■ **ASSIGNED TASK**
Each line below from the line with "Digital rendering of" to the line with "Use the arrows" must be copied exactly, including those two, and no picture may appear in the copy.

■ **DATA EXTRACTS**
-*-

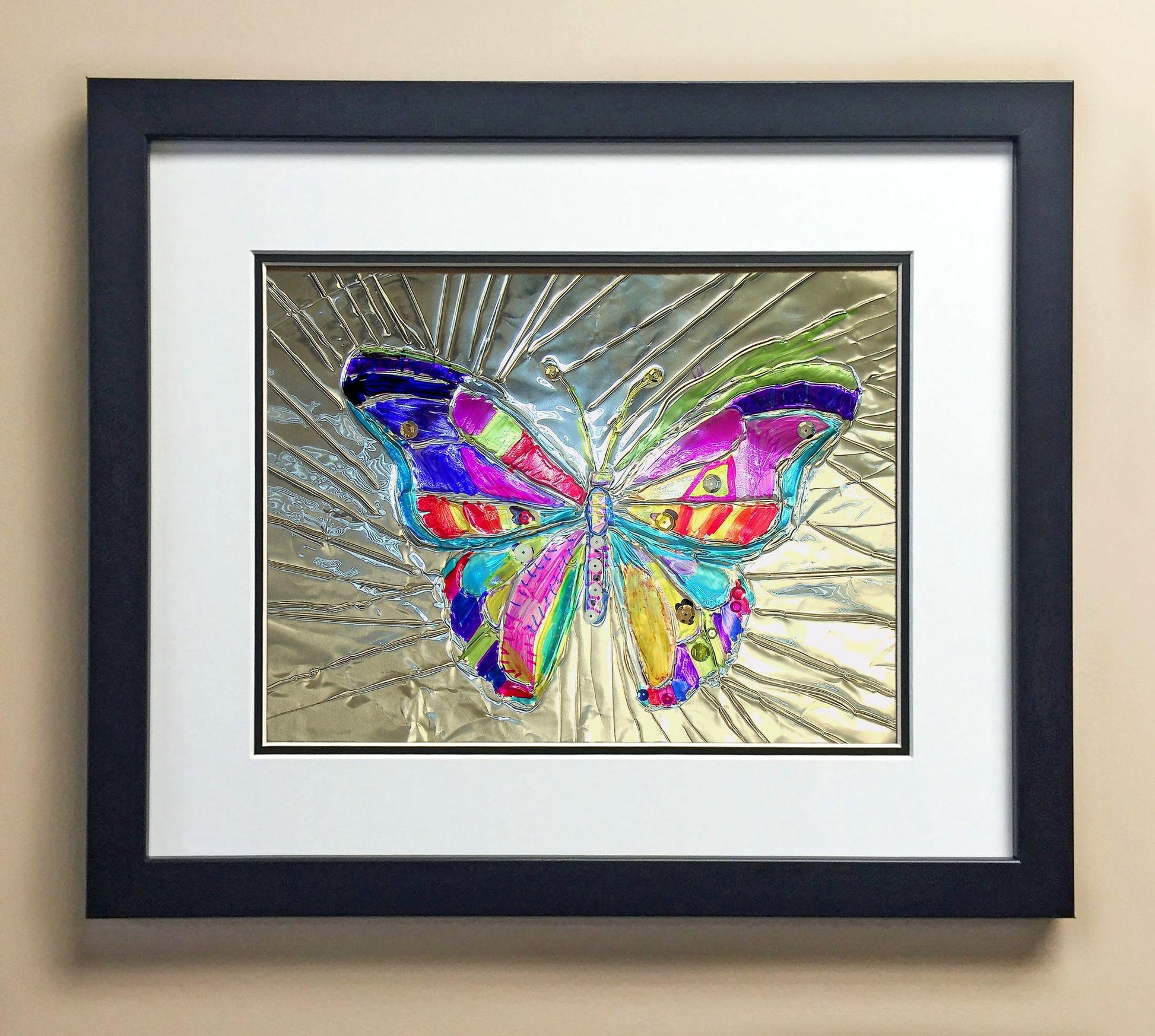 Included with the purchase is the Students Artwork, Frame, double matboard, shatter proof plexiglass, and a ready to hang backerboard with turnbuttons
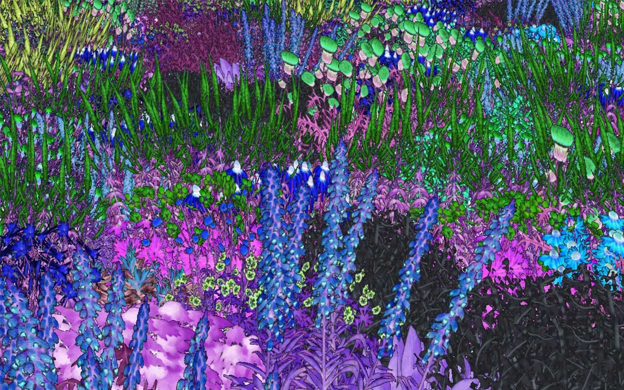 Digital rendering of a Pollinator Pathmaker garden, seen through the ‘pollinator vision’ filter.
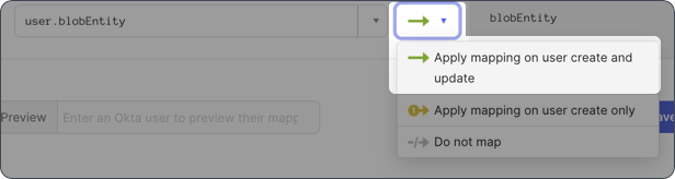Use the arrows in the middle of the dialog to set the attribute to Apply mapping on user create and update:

-*-

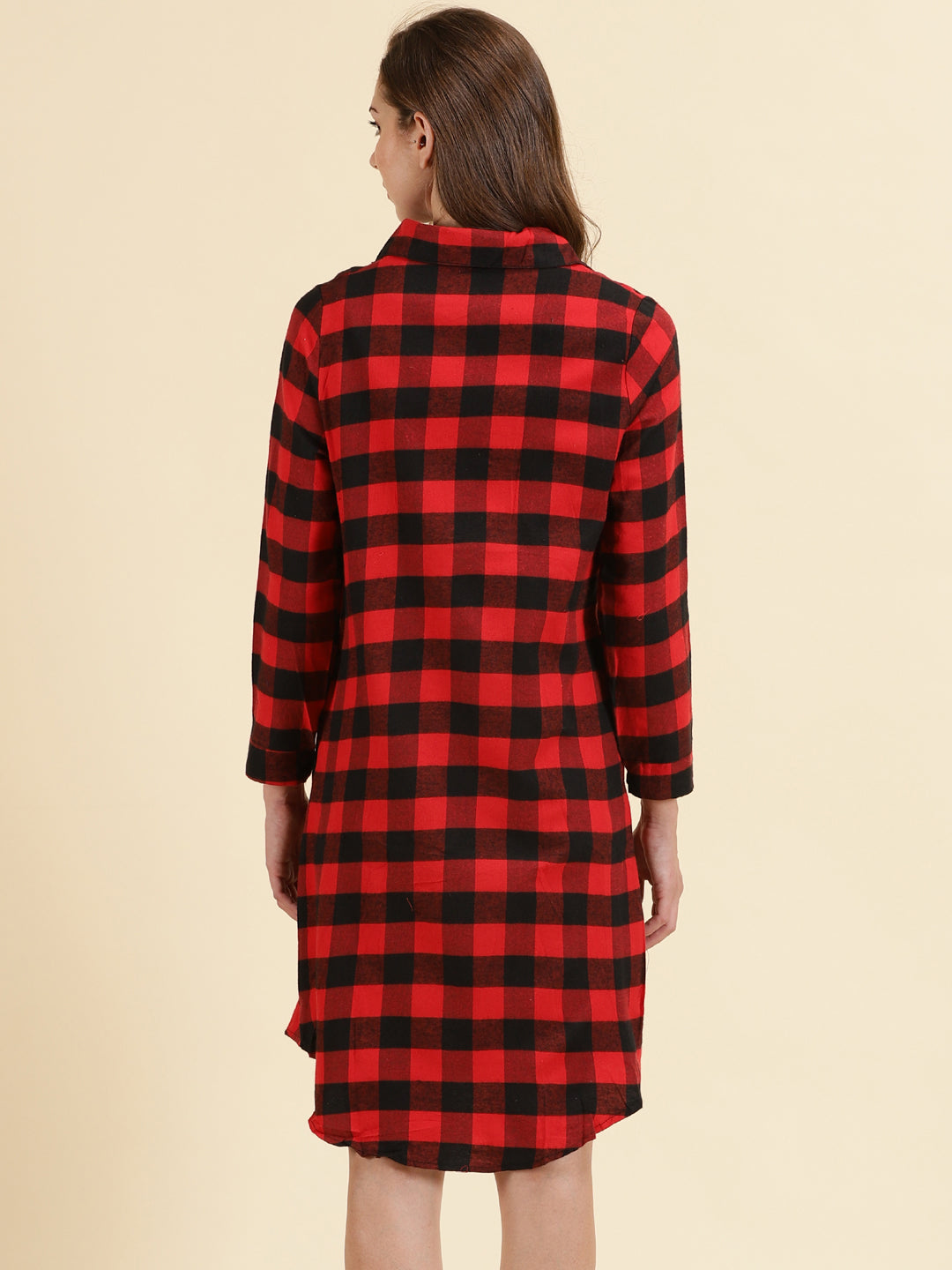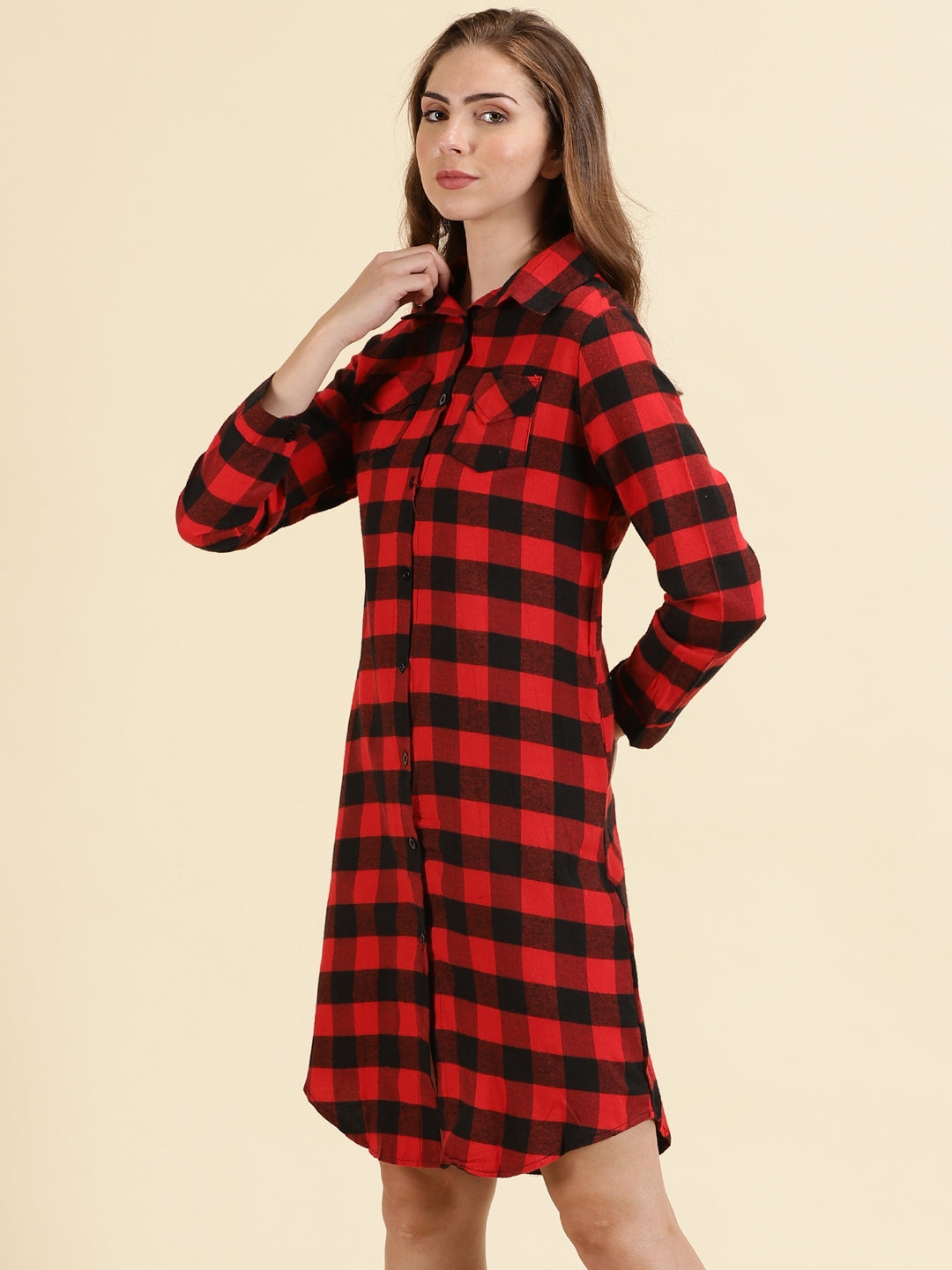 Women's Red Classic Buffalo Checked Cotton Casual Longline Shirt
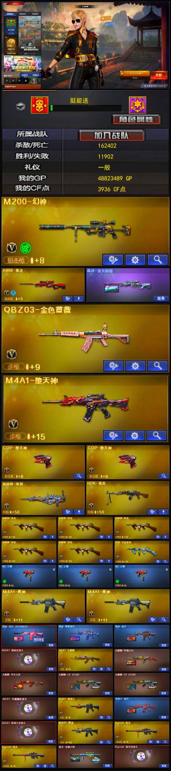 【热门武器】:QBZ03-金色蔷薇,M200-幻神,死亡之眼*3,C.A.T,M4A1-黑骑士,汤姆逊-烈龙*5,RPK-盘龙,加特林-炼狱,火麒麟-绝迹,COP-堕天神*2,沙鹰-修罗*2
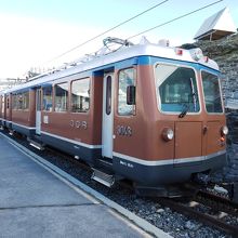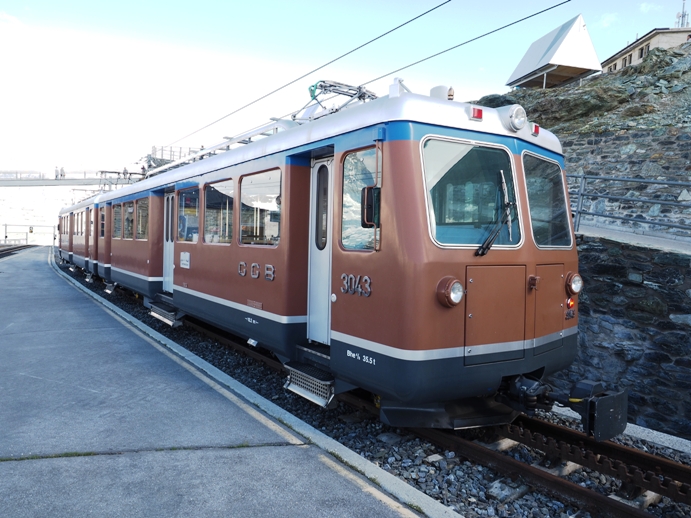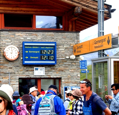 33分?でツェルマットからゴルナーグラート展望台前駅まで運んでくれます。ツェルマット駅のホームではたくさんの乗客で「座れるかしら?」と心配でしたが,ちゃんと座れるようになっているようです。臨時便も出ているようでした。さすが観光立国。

-*-

■ **OUTPUT BELOW**
 Digital rendering of a Pollinator Pathmaker garden, seen through the ‘pollinator vision’ filter.
Use the arrows in the middle of the dialog to set the attribute to Apply mapping on user create and update:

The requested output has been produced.